* _Task goal_:
Leave out the pictures, then output the lines of the records below from the first through the one containing "文書車 置物架 附輪推車".

* _Records_:

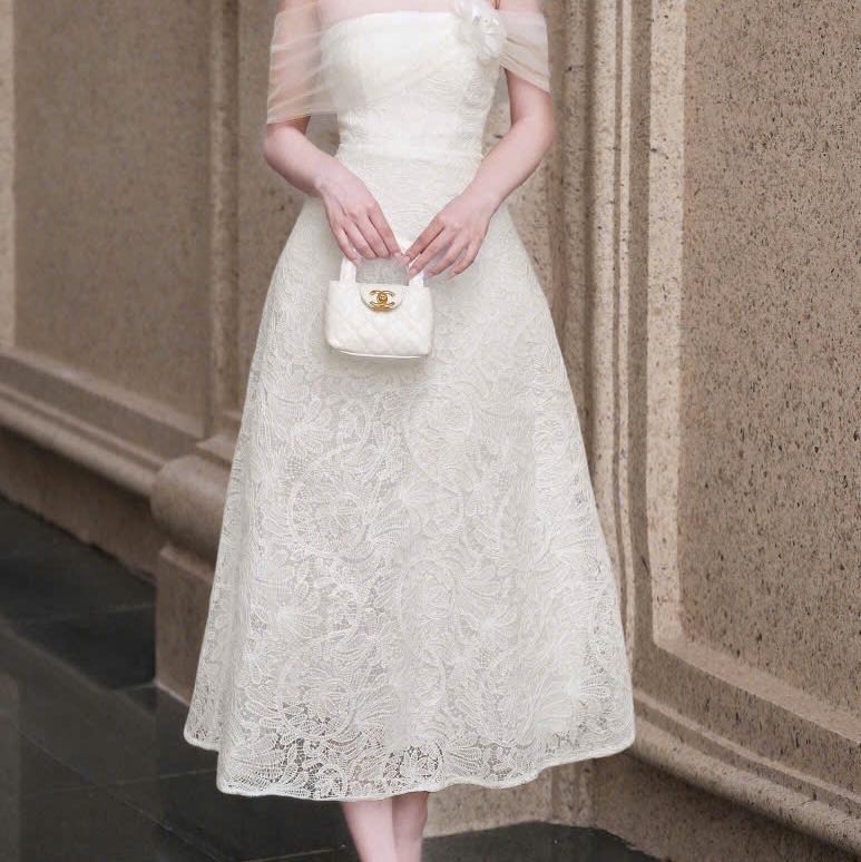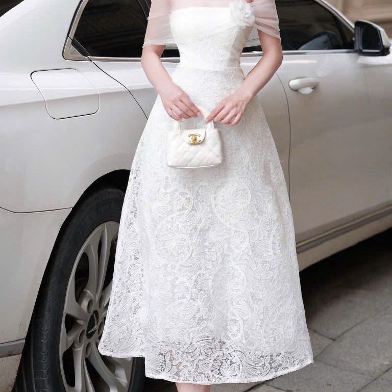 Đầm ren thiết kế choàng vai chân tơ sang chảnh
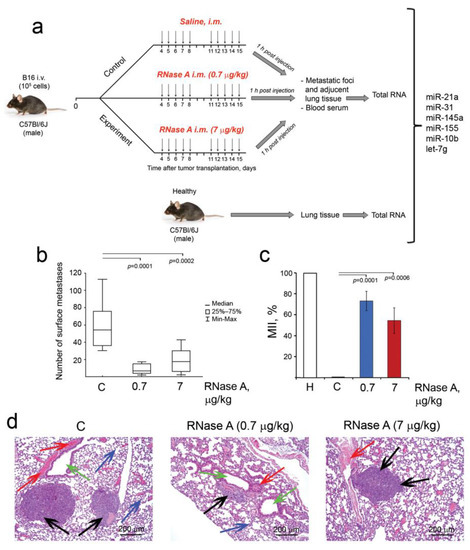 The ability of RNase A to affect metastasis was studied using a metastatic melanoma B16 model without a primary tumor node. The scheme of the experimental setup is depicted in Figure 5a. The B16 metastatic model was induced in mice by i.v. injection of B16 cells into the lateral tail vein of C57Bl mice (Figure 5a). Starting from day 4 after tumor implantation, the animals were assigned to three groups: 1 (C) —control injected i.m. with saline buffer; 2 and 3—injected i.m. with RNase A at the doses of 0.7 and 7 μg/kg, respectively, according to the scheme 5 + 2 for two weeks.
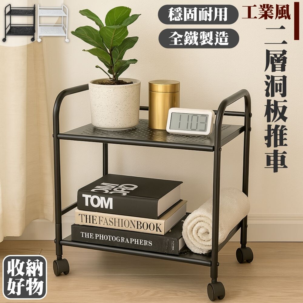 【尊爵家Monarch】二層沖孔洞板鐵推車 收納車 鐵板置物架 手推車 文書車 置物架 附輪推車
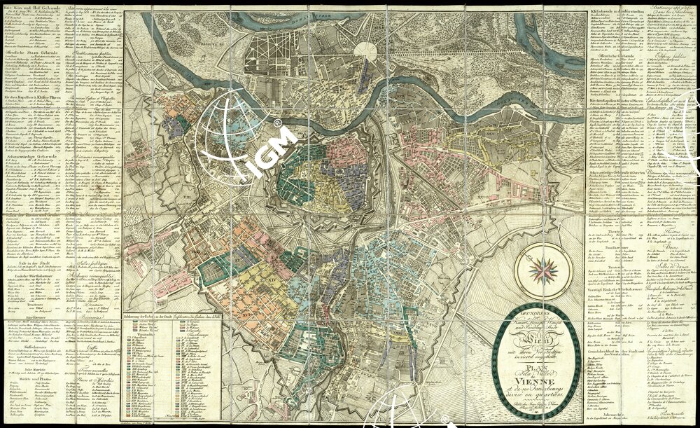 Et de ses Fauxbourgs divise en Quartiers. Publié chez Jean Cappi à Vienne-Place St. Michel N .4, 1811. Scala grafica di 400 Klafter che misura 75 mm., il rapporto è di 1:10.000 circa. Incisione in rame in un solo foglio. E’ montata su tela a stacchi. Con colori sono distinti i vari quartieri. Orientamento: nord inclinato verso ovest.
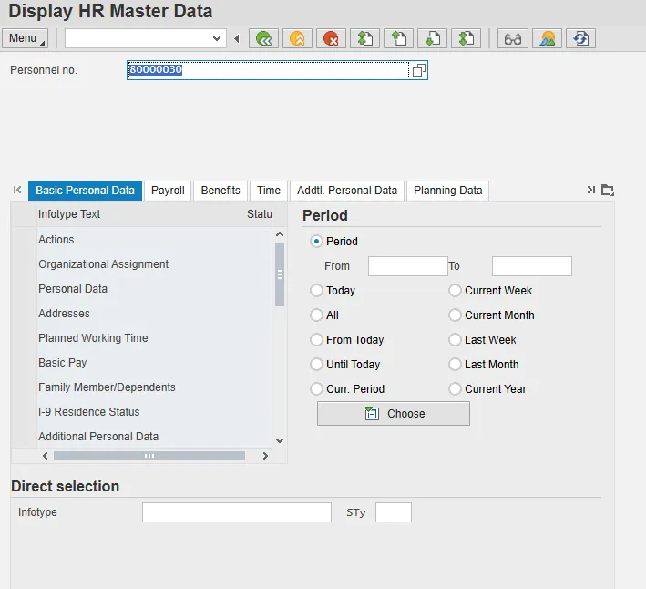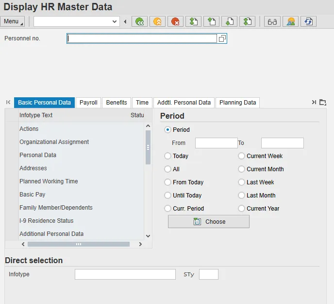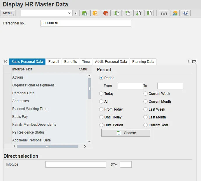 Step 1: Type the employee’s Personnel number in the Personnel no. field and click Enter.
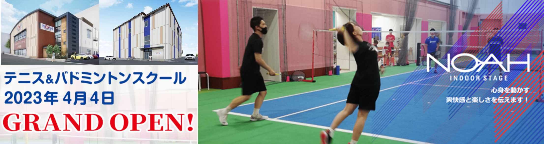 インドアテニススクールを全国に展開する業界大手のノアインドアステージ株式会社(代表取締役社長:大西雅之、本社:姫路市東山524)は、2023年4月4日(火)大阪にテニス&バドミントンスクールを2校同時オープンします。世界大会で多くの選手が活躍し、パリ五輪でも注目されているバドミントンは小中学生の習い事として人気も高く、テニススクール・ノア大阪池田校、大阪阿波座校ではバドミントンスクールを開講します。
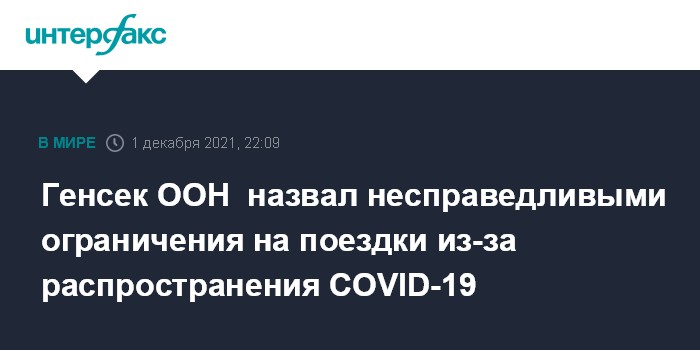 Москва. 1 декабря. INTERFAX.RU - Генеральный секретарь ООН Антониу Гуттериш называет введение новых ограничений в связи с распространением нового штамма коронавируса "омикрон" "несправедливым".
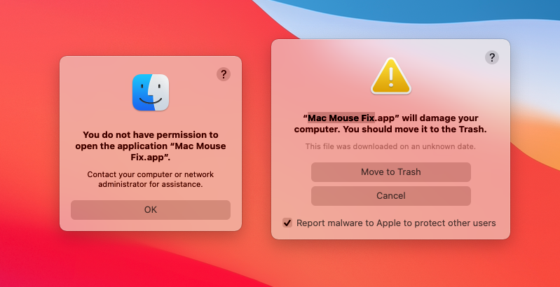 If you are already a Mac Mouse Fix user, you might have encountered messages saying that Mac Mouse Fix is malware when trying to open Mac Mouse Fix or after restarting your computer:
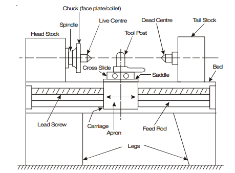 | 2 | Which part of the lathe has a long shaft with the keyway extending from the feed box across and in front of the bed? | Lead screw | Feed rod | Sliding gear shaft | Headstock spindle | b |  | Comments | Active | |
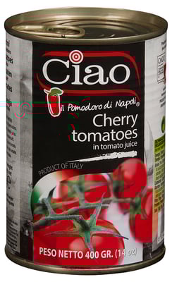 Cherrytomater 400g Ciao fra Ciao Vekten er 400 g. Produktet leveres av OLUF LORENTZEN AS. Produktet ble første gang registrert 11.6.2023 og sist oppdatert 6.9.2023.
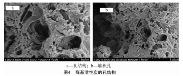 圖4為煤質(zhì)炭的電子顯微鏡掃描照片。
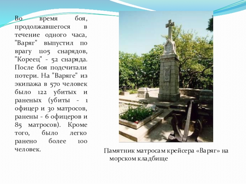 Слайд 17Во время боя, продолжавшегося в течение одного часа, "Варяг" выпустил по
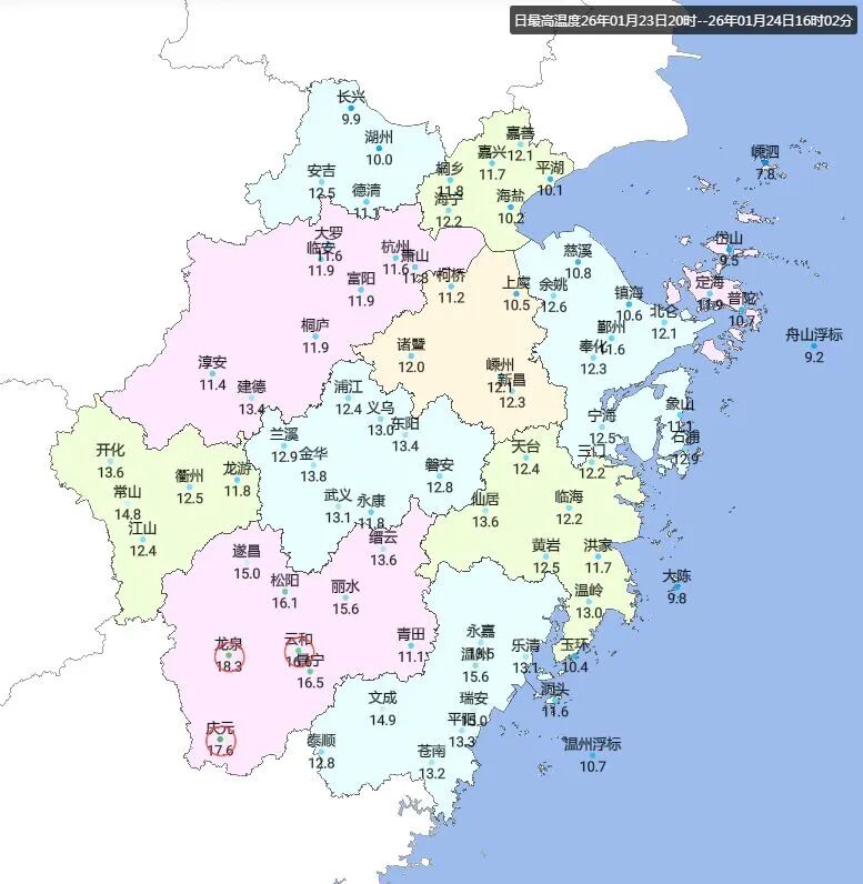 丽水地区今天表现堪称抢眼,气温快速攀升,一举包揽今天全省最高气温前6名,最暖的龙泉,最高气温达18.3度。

* _Solution_:
 Đầm ren thiết kế choàng vai chân tơ sang chảnh
 The ability of RNase A to affect metastasis was studied using a metastatic melanoma B16 model without a primary tumor node. The scheme of the experimental setup is depicted in Figure 5a. The B16 metastatic model was induced in mice by i.v. injection of B16 cells into the lateral tail vein of C57Bl mice (Figure 5a). Starting from day 4 after tumor implantation, the animals were assigned to three groups: 1 (C) —control injected i.m. with saline buffer; 2 and 3—injected i.m. with RNase A at the doses of 0.7 and 7 μg/kg, respectively, according to the scheme 5 + 2 for two weeks.
 【尊爵家Monarch】二層沖孔洞板鐵推車 收納車 鐵板置物架 手推車 文書車 置物架 附輪推車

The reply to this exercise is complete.